• _EXERCISE INSTRUCTIONS_:
Among the entries that follow, find the lines holding "putaran" and say how many there are, with no other words.

• _Saved entries_:

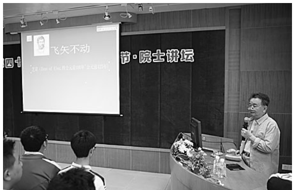
著名数学家、中科院院士张景中等专家定期来校为学生开展特色课程
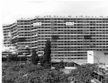
Barre Renoir en la 'Ciudad de las 4000' e La Courneuve (Île de France) Demolición: 2000 (otras demoliciones de bloques de viviendas en La Courneuve: 1986, 2001, 2002, 2003).
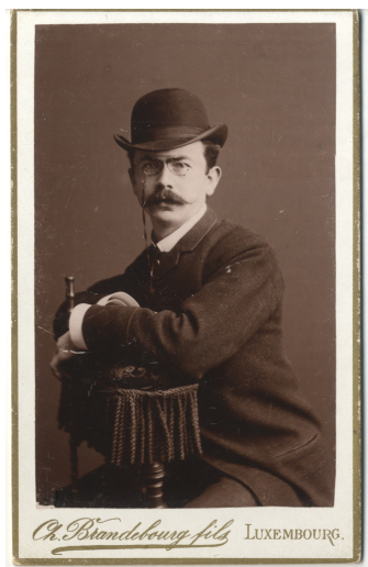
FIG. 1: Batty Weber.

décrite par le verbe « tuten » : les musiciens jouant d'un instrument à vent. 4
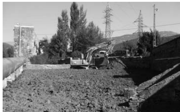
Millores a la Colònia Noguera

d'entrada a la vila. S'han realitzat uns treballs de fresat de 5 cm. en tot el traçat de la carretera i s'ha col·locat una capa d'asfalt a tot el tram, també s'ha pintat de nou la senyalització horitzontal de tot el tram i s'ha pintat un nou pas de vianants a l'alçada de la rotonda de Cal Déu, millorant així l'accessibilitat entre els barris situats a banda i banda de la carretera. En aquest punt, la brigada d'obres de l'ajuntament ha construït un gual per la banda de l'edifici de l'IES Abat Oliba per tal de suprimir barreres arquitectòniques a les persones que utilitzin aquest nou pas de vianants.
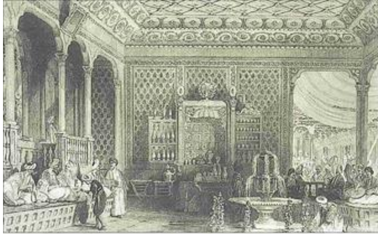
Thomas Allom'un bir İstanbul kahvehanesini temsil eden gravürü (R. Walsh, Constantinople and the Scenery of the Seven Churches of Asia Minor, London 1839, İv. 30)

Esnaf kahvehaneleri, yeniçeri, tulumbacı, âşık kahvehaneleri, semai kahvehaneleri, meddah kahvehaneleri adı ile ünlenen kahvehaneler İstanbul'un seçkin ve güzide semtlerinde hayatlarını devam ettirirken zamanla başka semtlerde de kahvehaneler açılmıştır. Sarafim Kırathanesi, Küllük Kırathanesi, Marmara Kırathanesi, Acemin Kahvesi, İhsan İkbâl Kırathanesi, Meserret Kırathanesi bunların başında gelen kahvehanelerdir (Sökmen, 2013:49).
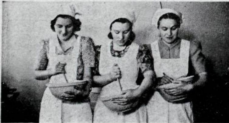
Á fyrsta skólaárinu voru kökur hrærðar í höndunum.
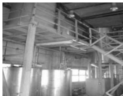
Características exteriores e interiores de la planta de tratamiento del Centro Nacional de Investigaciones Científicas.
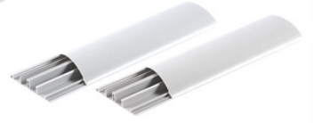
Balıksırtı Kablo Kanalı
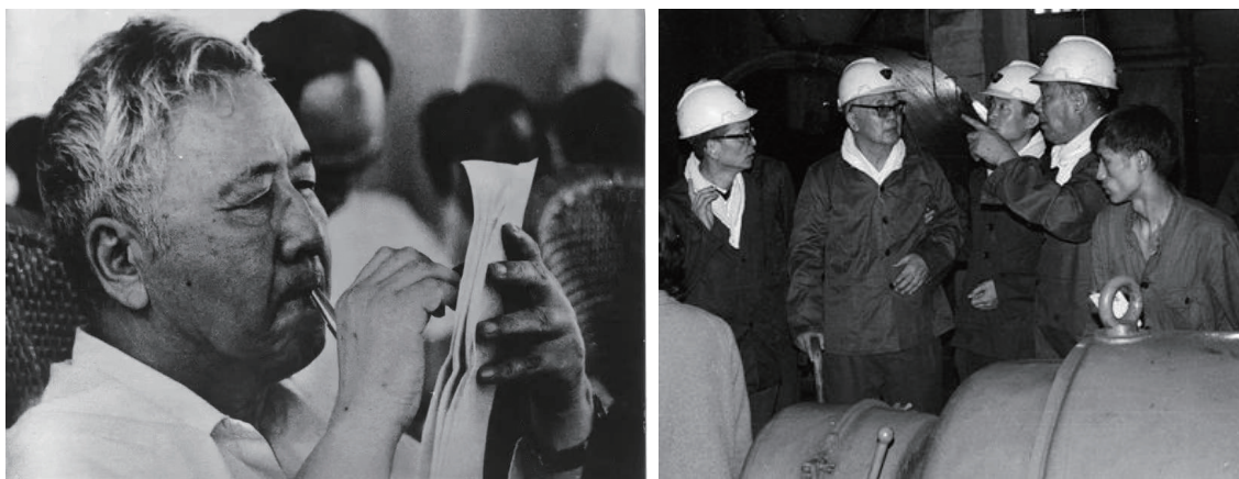
图2. 华罗庚在淮南矿区调研

华罗庚先生在矿业工程领域被誉为“精通煤矿的数学家” 5 ，因为他对煤矿生产过程有透彻的理解和熟练的掌握。他在改革开放初期，参与了“两淮”煤炭十五年发展规划和准噶尔煤矿规划的论证，从中能看出他对煤矿的精通来源于热爱。1982年，他带队三次深入淮南矿区调研，不顾年老体衰、腿脚不便的困难，先后登上12.5米高的西风井竖井大型钻机平台和40米高的副井井塔，详细观察钻机工作情况，全面了解大型矿井工程施工情况，并向操作工人做调查，掌握第一手资料。推广统筹法和优选法，心脏病发作仍坚持在病榻上听汇报、看材料。在后来煤炭部和中国科协在北京召开的“两淮”煤炭开发论证报告会上，各部门领导和专家们提出许多问题：建设速度能不能加快？多大规模合理？过去建设失误在什么地方？交通、电力、通讯等几个方面怎样同步建设？在长远战略目标下，哪年干什么？重点放在何处？等等。他带领团队都一一作答，数据可靠，材料扎实，大家非常满意。1985年6月，华罗庚带团赴日本访问的重头戏是准噶尔煤矿报告会。准噶尔煤矿是由日本政府带团建设
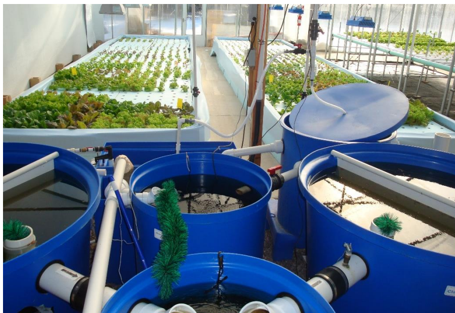
Slika 2. Primjer akvaponskog sustava

Akvaponski proizvodni sustavi uzgajaju vodene organizme, posebno one vrste koje zahtijevaju stalnu opskrbu hranom kao što su ribe, vodozemci, rakovi i drugi beskralješnjaci. Hranjive tvari dobivene iz izlučevina ovih organizama koriste se za potporu rastu biljaka. Pod pojmom biljke podrazumijeva s proizvodnja algi, uzgoj biljaka bez tla, vrtlarske biljke te pojedini usjevi. Kao rezultat povijesnog razvoja akvaponike, a prema definiciji koju je predložio Rakocyj (2012.), akvaponika obuhvaća uzgoj vodenih organizama koji uključuje proizvodnju biljaka bez tla. Ovo se odnosi na hidroponsku proizvodnju biljaka korištenjem otpadnih voda ili hranjivih tvari koje potječu iz uzgoja vodenih organizama. Prema definiciji akvaponike, većina (oko 50 %) hranjivih tvari za održavanje optimalnog rasta biljaka mora potjecati iz otpada koji potječe od hranjenja vodenih organizama. Posljedično, akvaponika u užem smislu ograničena je na hidroponski princip bez upotrebe tla ili supstrata kao što su pijesak ili šljunak. Najnoviji integrirani sustavi akvakulture kombiniraju proizvodnju ribe s algama, bilo makroalgama unutar zasebnih spremnika ili mikroalgama unutar foto-bioreaktora. U oba slučaja proizvodni proces je bez ikakvih supstrata sličnih tlu i time spada pod koncept akvaponike. Na temelju namjene i funkcije poznatih akvaponskih sustava, moguće je razlikovati četiri glavne kategorije, otvorene ribnjake, domaće, demonstracijske i komercijalne akvaponske sustave (Palm i sur., 2018.).
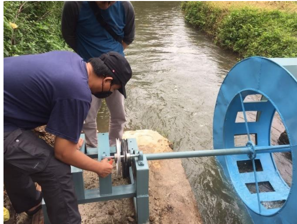
Gambar 13. Pengukuran putaran pully (rpm)

Pada Gambar 13 dilakukan pengukuran rpm menggunakan tachometer untuk mengetahui kecepatan rpm putaran kincir air dan pully yang telah dipasang karena hal tersebut akan mempengaruhi kecepatan putar generator dan daya output generator.
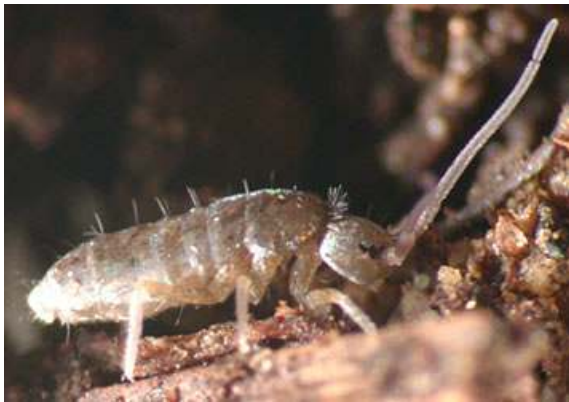
Kuva 1. Tällä hyppyhäntäisellä ei ole hyppyhankoa. © David R. Maddison, Department of Entomology, University of Arizona. (With permission). Ks. http://tolweb.org/tree?group=Collembola&contgroup=Hexapoda .

Hyppyhäntäiset ovat kosteiden paikkojen, kuten lehtikarikkeen ja kompostin eliöitä, joita elää satoja, jopa tuhansia miljoonia hehtaarilla suotuisissa oloissa. Lajista riippuen niiden väri vaihtelee valkoisesta vaalean ruskeaan, punaiseen ja violettiin; jotkut ovat kirjavia. Peräpäässä oleva hyppyhanko (furcula), jonka avulla nämä hyönteiset voivat hypähtää jopa 10 cm:n matkan, on hyppyhäntäisten tyyppituntomerkki, vaikka onkin joillain lajeilla surkastunut.
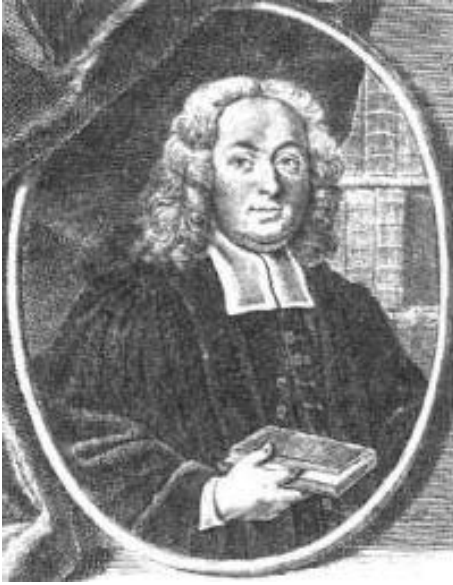
1. kép: Béla Mátyás (1684–1749)

Ami a Rákóczi-szabadságharc XVIII. századi történetírói feldolgozását illeti, azokat meghatározta, hogy nem a kor békekötési normái szerint fejeződött be az összecsapás. Egyrészt a Habsburg kormányzat elvárásai csak részben érvényesültek, másrészt I. József császár váratlan halálát eltitkolva hozták a megállapodást tető alá. „A század folyamán két szemlélet, a folyamatosság és felvilágosodás tengelyén alakultak ki az első történeti összefoglalások. A század első felében általában a folyamatosság, mint legfőbb érték kategória érvényesül ...”, míg, „A század utolsó évtizedeiben már nyilvánvaló, hogy olyan alapvető kérdések várnak megoldásra, amelyeket a Rákóczi-szabadságharc idején már elrendeztek, mint a vallási tolerancia, a nemesség közteher-vállalási kötelezettsége, a közhatalmi jobbjogvédelem, Erdély és az országegység, a kulturális önrendelkezés és a magyar nyelv kultúrája.” 3
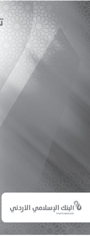
البنك الإسلامي الأردني

الاحتياجات الخاصة وشؤون القرآن الكريم. ويوضح التقرير نهج البنك في التنوع والمساواة، والتفاعل مع موردَي البنك، والمنتجات والخدمات التي يقدمها لعملائه، وتميز الشراكة مع العديد من الجهات والمؤسسات من أجل زيادة تأثير البنك المجتمعي، وتطبيق الحوكمة المؤسسية وإدارة المخاطر، والانتشار الجغرافي وأماكن التواجد، ورضا المتعاملين وأصحاب المصلحة، وتأثير البنك المباشر وغير المباشر على الاقتصاد الوطني، والامتثال للمتطلبات الرقابية والقانونية ومكافحة الفساد، وواجبات البنك اتجاه الموظفين والعاملين لديه وتطوير مهاراتهم من خلال توفير التدريب اللازم وتهيئة تكافؤ الفرص لهم وتطوير وسائل الصحة والسلامة المهنية.
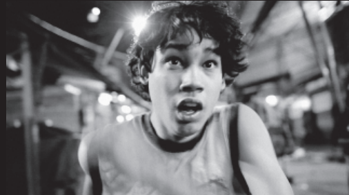
7 cajas / 7 Boxes

De träffande dialogerna och några mycket expressiva scener bygger snart upp berättelsen. Regissören målar upp huvudpersonernas upplevelser med stor uppfinningsrikedom medan några av Darwins tankar vävs in i berättelsen på ett underhållande och angeläget sätt.
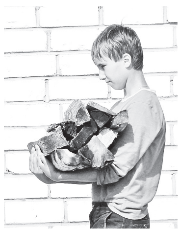
Дрова для печки

терпцев, крестный их подвиг служат нам примером. Мы с вами настолько ослабли в полусонной, полудремотной жизни, что готовы ли на какой-либо подвиг, даже не ради страны, державы, а ради самих себя? Семья императора для нас – идеальный пример, который заставляет задуматься. Существует их переписка, читая которую, понимаешь, насколько же они были целомудренны и возвышенны, насколько любили друг друга! За это предстали перед Богом и прославлены в лике святых».

• _EXPECTED ANSWER_:
2